Recent advances in neuroscience confirmed Penfield’s metaphor on the predominant representation in the cortex of “mouth” and “motions” zones in the infant. These two zones stimulate the brain oscillatory activity as a necessary condition of its functioning and development. The kinetic zone and an arsenal of movements with all their seeming diversity are limited and in fact the same motor acts, functions are used to achieve very different effects. As a classical example can serve modern dances, during which the dancers reproduce a set of “sexual movements – dance-masturbation”. The man introduces himself into a trance, which generates sexual fantasies and experiences. Moreover, spectators also experience sexual arousal due to the presence of mirror neurons and the principle of intrusive memories. John Bancroft writes (1989) that sexual arousal in humans is a comprehensive response, consisting of such elements as sexual fantasies, memories and desires, as well as a growing conscious search for external stimuli, specific for the individual’s sexual orientation and sexual object. Bancroft believes that sexual arousal includes activation of the limbic system, which is the nerve substrate of sexual behavior from the point of view of physiology (MacLean, 1976).
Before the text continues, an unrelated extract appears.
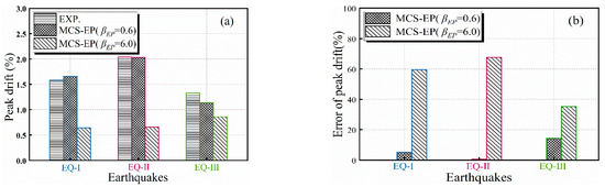 Comparison between the test and numerical results: (a) peak drift; (b) error of the peak drift.

In the culture of the 20th century “the principle of Ego” in relation to the social functioning of the human-male and human-female has gained strength and root; it is still in progress in the form of three global revolutions – sexual, gender and family (I. Kon, 2004, 2009, 2010; N. Amosov, 1978). The peak of the first of these revolutions – sexual, in the developed Western countries fell on 1960–1970-ies. Sexuality in the modern world has undergone significant changes due to the growing role of psychological and socio-cultural factors. Such a motif of sexual activity, as reproduction, receded into the background giving way to the need for sexual satisfaction, relaxation and communication. The reason is considered to be women’s emancipation.
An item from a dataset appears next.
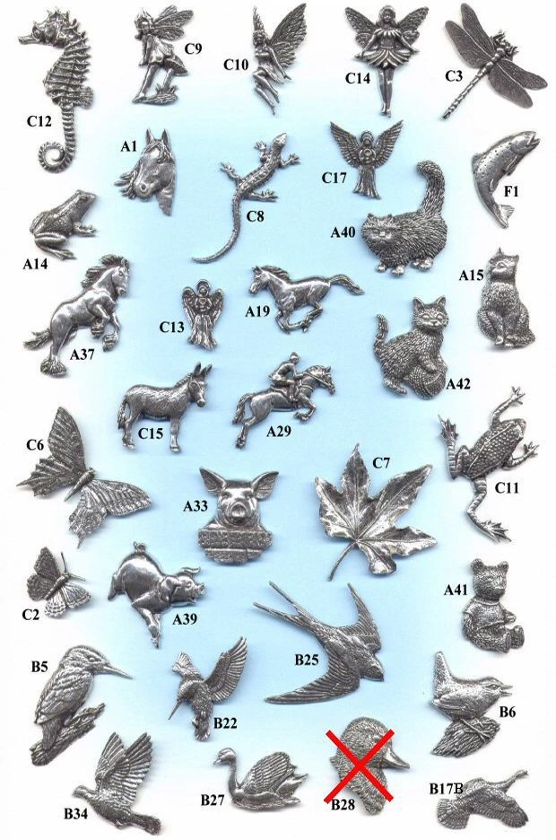 A range of Pewter Pins from A R Brown. Pins in the images with a red cross over them are unavailable.

However the behavioral shifts are associated with a deep process of separating sexuality from reproduction, which began long ago and gradually. Only recently the public consciousness of the West has recognized that sexuality itself is not aimed at procreation, needs no justification, it is valuable in itself. The sexual revolution of the 20th century in addition to the liberalization of mores and change in the forms of social control over sexuality involves the gradual assertion of the principle of gender equality. “Friends with benefits”, the film of the American cinematography of 2011, gave the researchers of sexuality a remarkable term of sexuality in the modern western world. Although the film is not about this, it is a comedy; but “sex with friends”, not committing to anything, not a result of the game of passions and love is more and more frequently used in the modern western world – had fun, discharged and ran away.